NSURLSession *session = [NSURLSession sharedSession];
NSURLSessionDataTask *dataTask = [session dataTaskWithRequest:request
                                            completionHandler:^(NSData *data, NSURLResponse *response, NSError *error) {
                                                if (error) {
                                                    NSLog(@"%@", error);
                                                } else {
                                                    NSHTTPURLResponse *httpResponse = (NSHTTPURLResponse *) response;
                                                    NSLog(@"%@", httpResponse);
                                                }
                                            }];
[dataTask resume];
$curl = curl_init();

curl_setopt_array($curl, array(
  CURLOPT_URL => "https://YOUR_AUTH0_DOMAIN/api/v2/clients/YOUR_CLIENT_ID",
  CURLOPT_RETURNTRANSFER => true,
  CURLOPT_ENCODING => "",
  CURLOPT_MAXREDIRS => 10,
  CURLOPT_TIMEOUT => 30,
  CURLOPT_HTTP_VERSION => CURL_HTTP_VERSION_1_1,
  CURLOPT_CUSTOMREQUEST => "PATCH",
  CURLOPT_POSTFIELDS => "{\"client_secret\": \"NEW_CLIENT_SECRET\"}",
  CURLOPT_HTTPHEADER => array(
    "content-type: application/json"
  ),
));

$response = curl_exec($curl);
$err = curl_error($curl);

curl_close($curl);

if ($err) {
  echo "cURL Error #:" . $err;
} else {
  echo $response;
}
import http.client

conn = http.client.HTTPSConnection("")

payload = "{\"client_secret\": \"NEW_CLIENT_SECRET\"}"

headers = { 'content-type': "application/json" }

conn.request("PATCH", "/YOUR_AUTH0_DOMAIN/api/v2/clients/YOUR_CLIENT_ID", payload, headers)

res = conn.getresponse()
data = res.read()

print(data.decode("utf-8"))
require 'uri'
require 'net/http'

url = URI("https://YOUR_AUTH0_DOMAIN/api/v2/clients/YOUR_CLIENT_ID")

http = Net::HTTP.new(url.host, url.port)
http.use_ssl = true
http.verify_mode = OpenSSL::SSL::VERIFY_NONE

request = Net::HTTP::Patch.new(url)
request["content-type"] = 'application/json'
request.body = "{\"client_secret\": \"NEW_CLIENT_SECRET\"}"

response = http.request(request)
puts response.read_body
import Foundation

let headers = ["content-type": "application/json"]
let parameters = ["client_secret": "NEW_CLIENT_SECRET"]

let postData = NSJSONSerialization.dataWithJSONObject(parameters, options: nil, error: nil)

var request = NSMutableURLRequest(URL: NSURL(string: "https://YOUR_AUTH0_DOMAIN/api/v2/clients/YOUR_CLIENT_ID")!,
                                        cachePolicy: .UseProtocolCachePolicy,
                                    timeoutInterval: 10.0)
request.HTTPMethod = "PATCH"
request.allHTTPHeaderFields = headers
request.HTTPBody = postData

let session = NSURLSession.sharedSession()
let dataTask = session.dataTaskWithRequest(request, completionHandler: { (data, response, error) -> Void in
  if (error != nil) {
    println(error)
  } else {
    let httpResponse = response as?
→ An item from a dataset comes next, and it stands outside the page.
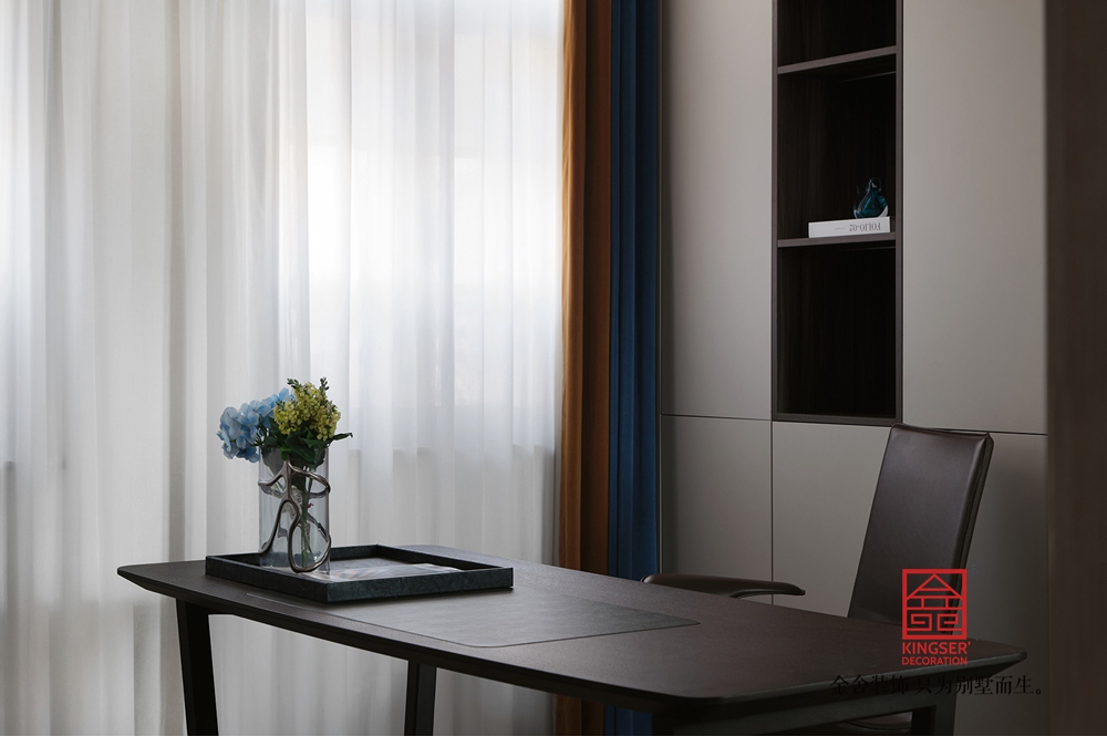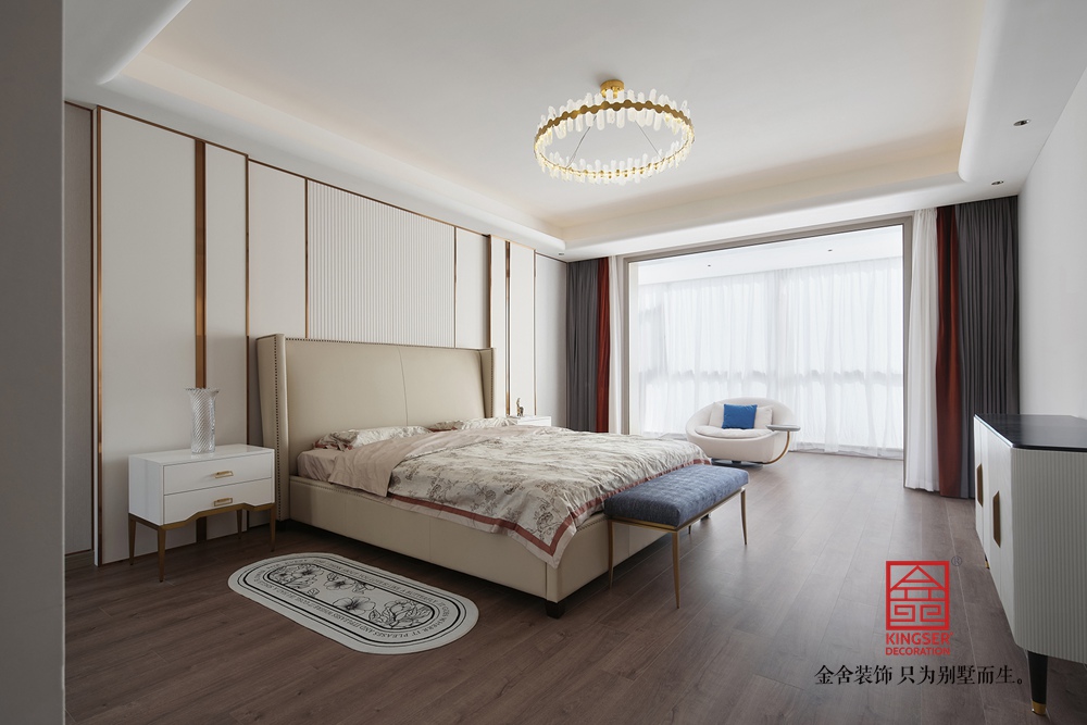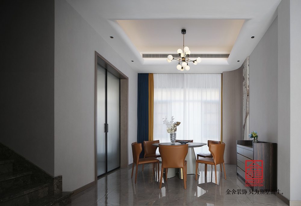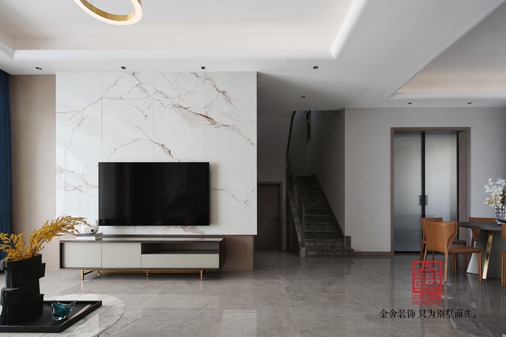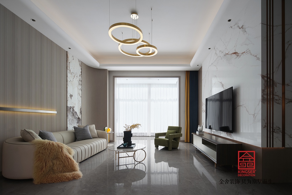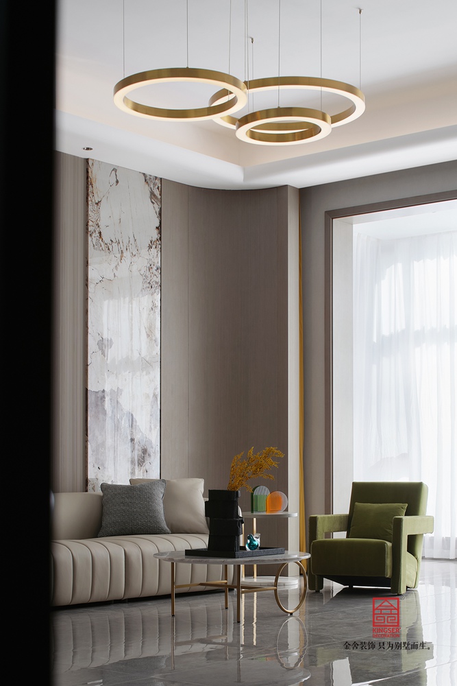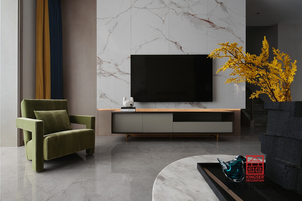 在设计上通过简约的直线型、几何型造型减少了视觉负担,也更符合现代审美,而在颜色的搭配上整体以米白、浅灰等低饱和度色系为主奠定柔和高级的基调,同时在局部使用一些亮色来提亮,在避免单调的同时强化轻奢质感,,诠释了意式轻奢“简约而不简单,奢华却不张扬”的风格内核,为居者打造了一个“舒适且有格调”的理想家。

NSHTTPURLResponse
    println(httpResponse)
  }
})

dataTask.resume()

Remember that if your client uses a Base64-encoded client secret, and you want to update it using the Update a client API endpoint then the updated one has to be encoded as well. Otherwise, you should use the Rotate Secret API endpoint.